The focus has shifted to maximizing recovery on a field-wide basis vs. by individual wells—a shift noted in recent earnings reports. According to RS Energy, this means that lower recovery rates per well will be “acceptable and, in fact, desirable in some cases.” The firm estimates that six to eight wells per section is the optimal range for the Midland Basin but could be higher for certain areas of the other side of the Permian in the Delaware Basin. “That said, some operators are finding that their initial expectations for wells/section were overly optimistic,” the firm said.
For the Eagle Ford Shale, optimal spacing has more variation due to the geology and the formation’s different hydrocarbon windows, e.g., wet gas, dry gas, and oil.

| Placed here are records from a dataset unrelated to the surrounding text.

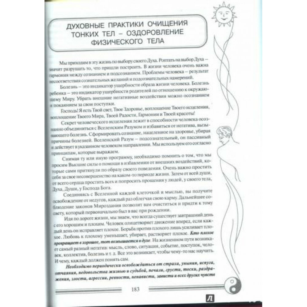 Название книги "Здоровый дух - здоровое тело" говорит о том, что дух первичен, а материя вторична и каждый человек самостоятельно может работать, очищая свой тонкий план от негативных воздействий извне. Прорабатывая ситуацию прошлого в данный момент, вы исправляете свою карму и улучшаете здоровье. Все это отражается на судьбах близких, родных людей. Повседневная практика свидетельствует, что аура каждого человека имеет разрывы, через которые происходит отток энергии, а значит и жизненной силы.
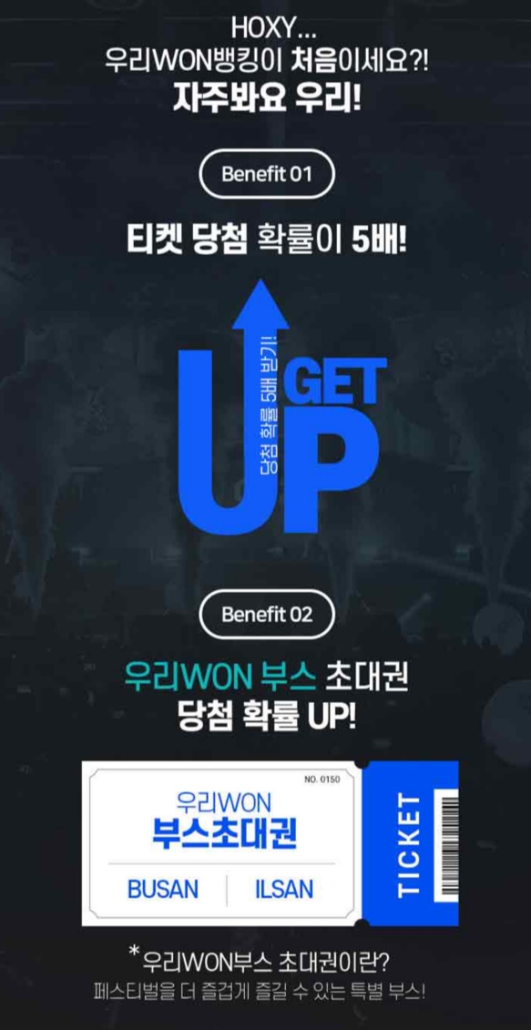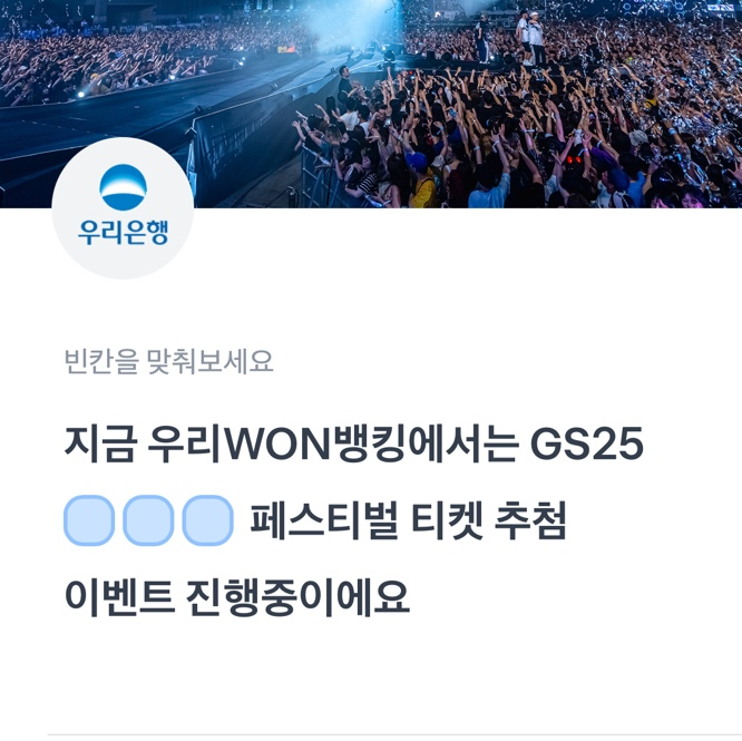 지금 우리WON뱅킹에서는 GS25 OOO페스티벌 티켓 추첨 이벤트 진행중이에요
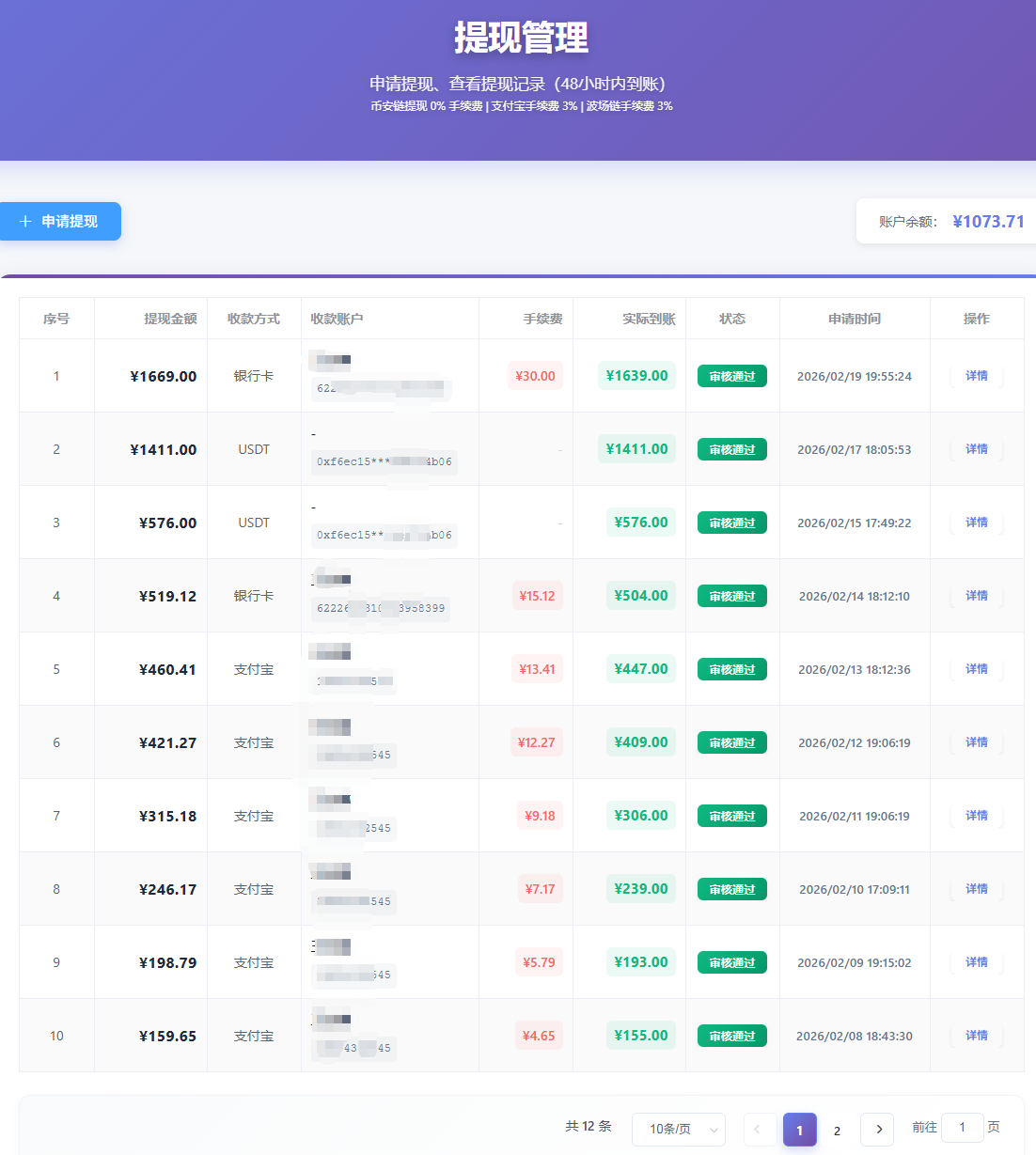 提现灵活:满10元即可提现,支付宝、银行卡,币安,实时到账。
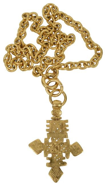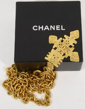 c. 1990s, CC logo to Ethiopian inspired cross shaped pendant, detachable chain with CC logo clasp, together with a Chanel card box,

In the volatile oil window, up to 24 wells per section with a 2-3 zone staggered placement caused no “visible deterioration,” according to RS Energy. In other areas, the economic limit appears to be 12-20 wells per section. “In general, downspacing has surprised to the upside in the Eagle Ford,” the company said.
Centennial Resource Development
On its earnings call with investors 26 February, Centennial Resource Development, which has increased production from 8,400 B/D to last year’s 61,000 B/D, faced questions about missed production expectations. Mark Papa, chairman and chief executive officer of the Delaware Basin pure-play operator, responded by saying that the expectations were not the corporate guidance, which he described as being “accurate,” adding that, “We’re just simply not responsible for guidance that’s created by Wall Street.”

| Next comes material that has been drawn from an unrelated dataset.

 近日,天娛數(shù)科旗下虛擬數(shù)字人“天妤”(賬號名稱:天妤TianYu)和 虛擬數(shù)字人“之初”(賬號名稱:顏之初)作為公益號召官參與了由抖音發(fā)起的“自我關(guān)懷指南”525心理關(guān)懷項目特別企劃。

He continued: “The issue for the entire Permian Basin relates to parent-child wells. Every year, every company is drilling a higher percentage of child wells and those wells are simply not as powerful as the parent wells.”

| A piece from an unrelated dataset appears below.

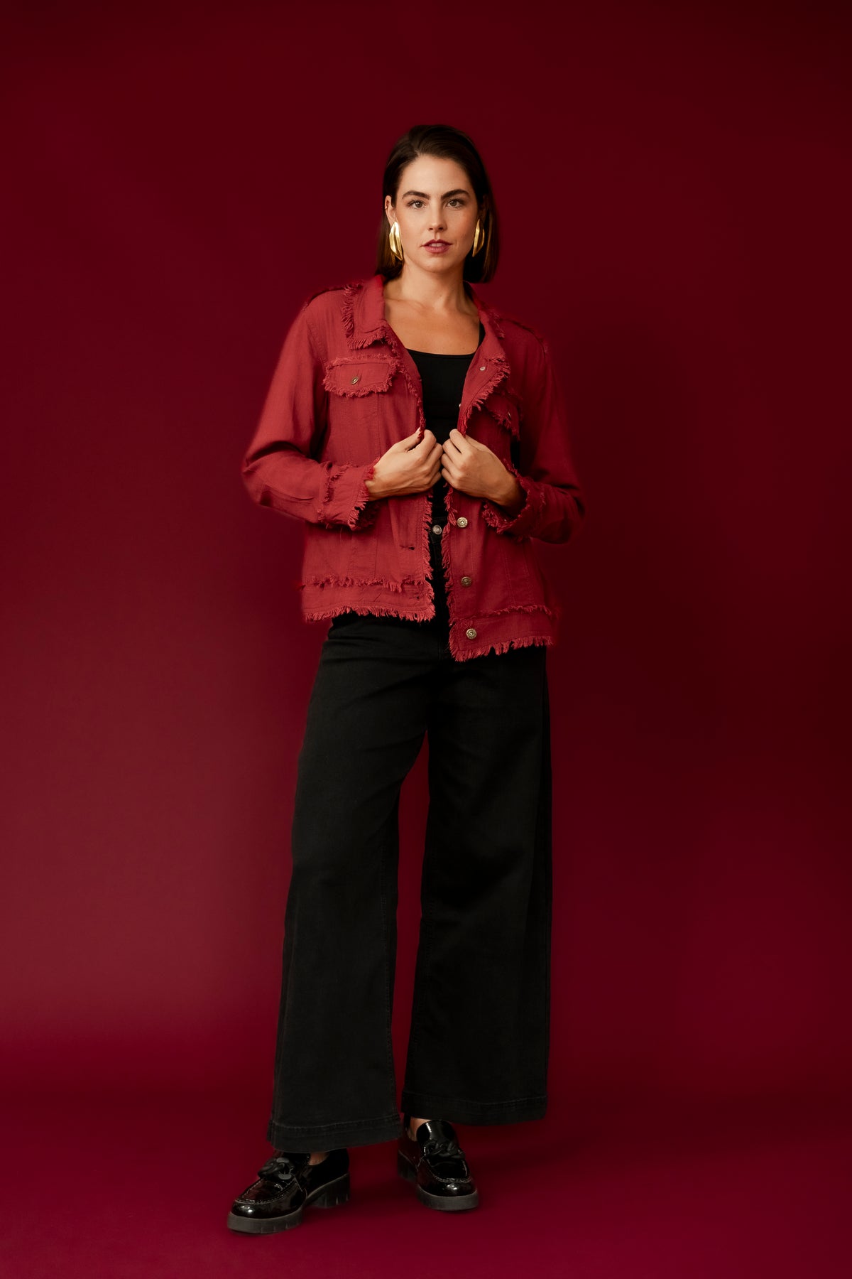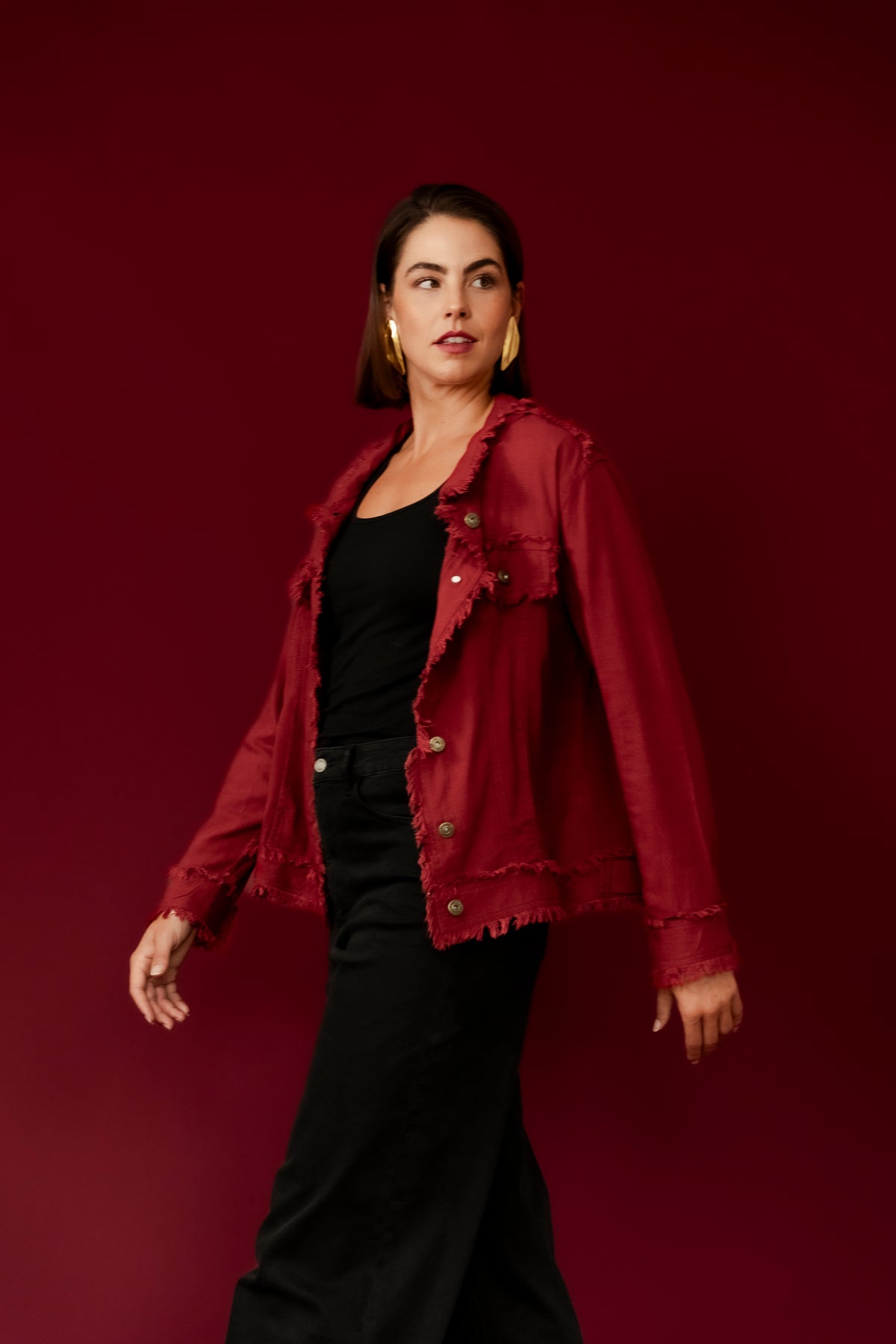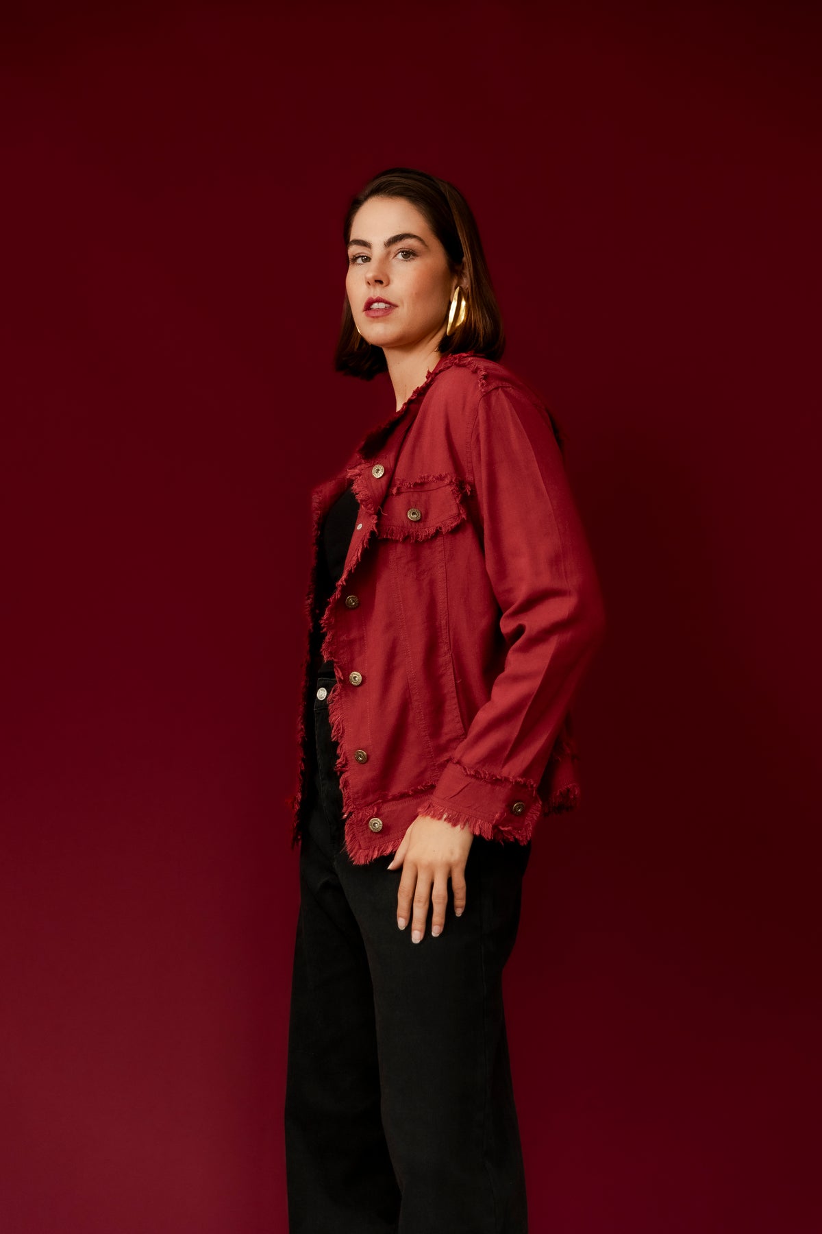 BAMBI Burgundy Frayed Edge Casual Jean Jacket

After noting the flurry of recent mergers and acquisitions, Papa said, “If you look just under the hood, you see that every company has to run faster and faster to achieve growth because you're seeing the effect of geology and well interference that is taking a toll.”
Papa, most recognized as the founder of major shale producer EOG, told investors later that the company does not share decline rates, calling the request an “entrapment question.”
Pioneer Natural Resources
Pioneer said in its earnings call earlier this month that it is departing from its previous goal of achieving 1 million B/D in the Permian. Tim Dove, the chief executive for Pioneer at the time, said, “We don’t really consider the million-barrel target as the main driver here,” adding that “capital discipline” and free cash flow will be the bigger focus going forward.
The operator also noted that it is following the trend of co-developments that involve drilling and completing a series of wells in close succession. The expectation is that this strategy will help avoid negative impacts to parent and child wells. J.D. Hall, Pioneer’s executive vice president, said the downside to the process is that developing large pads at once comes with longer cycle times.
For a three-well, co-developed pad, the typical time required from spud to production is about 170 days. “And for every well you add to a pad, you’re basically going to have [an additional] 30 to 40 days,” said Hall. About half of Pioneer’s well pads will be of the three-well variety, which will give the operator the ability to keep adding production at a quicker pace than is possible with four well pads.
Pads with seven and eight wells represent a “small percentage” of the total, but appear to reveal that going big is better. Hall highlighted an example of eight wells that were drilled and completed as a single project and turned in a 34% higher production rate than wells previously drilled in the same area. “These results also drive our strategy to implement more large-scale projects in 2019,” he added.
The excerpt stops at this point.